Chancellor of Dublin City University
- Incumbent
- Assumed office 21 August 2011
- President: Brian MacCraith
- Preceded by: David Byrne

Senator
- In office 25 May 2011 – 5 February 2013
- Constituency: Nominated by the Taoiseach

Personal details
- Born: 24 March 1951 (age 75) Belfast, Northern Ireland
- Party: Independent
- Spouse: Mary McAleese ​(m. 1976)​
- Children: 3
- Education: Queen's University Belfast; Trinity College Dublin;

= Martin McAleese =

Irish senator and university leader (born 1951)

Martin McAleese (born 24 March 1951) is an Irish politician, dentist and accountant who has served as the Chancellor of Dublin City University since August 2011. He served as a Senator from 2011 to 2013, after being Nominated by the Taoiseach. He is the husband of former president of Ireland, Mary McAleese.

==Early life, education and family==
McAleese was born in Belfast in 1951. He was educated at St Mary's Christian Brothers' Grammar School, Belfast. He then studied at Queen's University Belfast, obtaining an honours Bachelor of Science in Physics. He played Gaelic football for the Antrim Minors and was captain of the team in 1969. In 1972, after he graduated he moved to Dublin and trained there as an accountant with the chartered accountancy firm of Stokes, Kennedy, Crowley. He later worked as financial controller for an Aer Lingus subsidiary.

McAleese married Mary Leneghan in 1976. The couple resided in Scholarstown, Dublin, for a short period, and then for almost twelve years near Ratoath, County Meath.
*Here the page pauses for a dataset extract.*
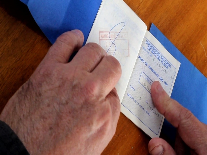 Un talonario con tapas azules y tres comprobantes: uno para el banco, otro para la Universidad y otro para la persona que pagaba por estudiar en la Unmdp. Del cajón de los recuerdos, Pedro Sanllorenti, el secretario general de Adum, recuperó un documento que dialoga con el presente, más concretamente, con las consecuencias de esos discursos que pretenden privatizar la educación superior.

In 1980, he returned to full-time education at Trinity College Dublin, to study as a dentist, subsequently moving back, with his family, to Northern Ireland, where he practised as a dentist in Crossmaglen and Bessbrook, County Armagh.

==Public service career==
While his wife served as President of Ireland, McAleese initiated a series of meetings with senior Ulster loyalist paramilitary leaders to pursue peace negotiations. These actions did not take place without controversy, but have been widely viewed as instrumental in bringing loyalist paramilitary groups to peace talks.
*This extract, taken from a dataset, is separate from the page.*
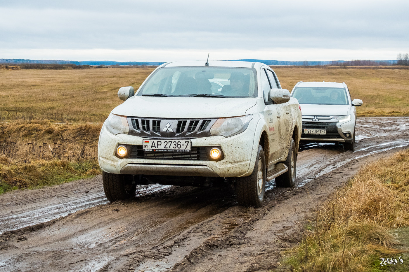 Нет, ехать в путешествие стоит и под Брест, и под Минск. Главное, чтобы автомобиль к этому располагал. В нашем случае караван машин был идеально подобран. Мощные проходимцы Mitsubishi Pajero Sport New и L200 способны увести за собой в авантюрные приключения куда угодно. Оба рамных внедорожника оборудованы новым поколением трансмиссии Super Select 4WD, которая позволяет на полном приводе двигаться как по асфальту, так и пересеченной честности, а переключаться между задним и полным приводом прямо во время движения на скорости до 100 км/ч.

In May 2011, McAleese was appointed as a Senator by the Taoiseach Enda Kenny. In August 2011, he was appointed the Chancellor of Dublin City University, taking over from David Byrne.

On 1 February 2013, McAleese announced his intention to resign as a member of Seanad Éireann.

McAleese accepted an appointment as Chairman of the Inter-Departmental Committee which was set up by the Government of Ireland to investigate the Magdalene laundries. His findings have been criticised by some survivors and researchers from the Magdalene Names project.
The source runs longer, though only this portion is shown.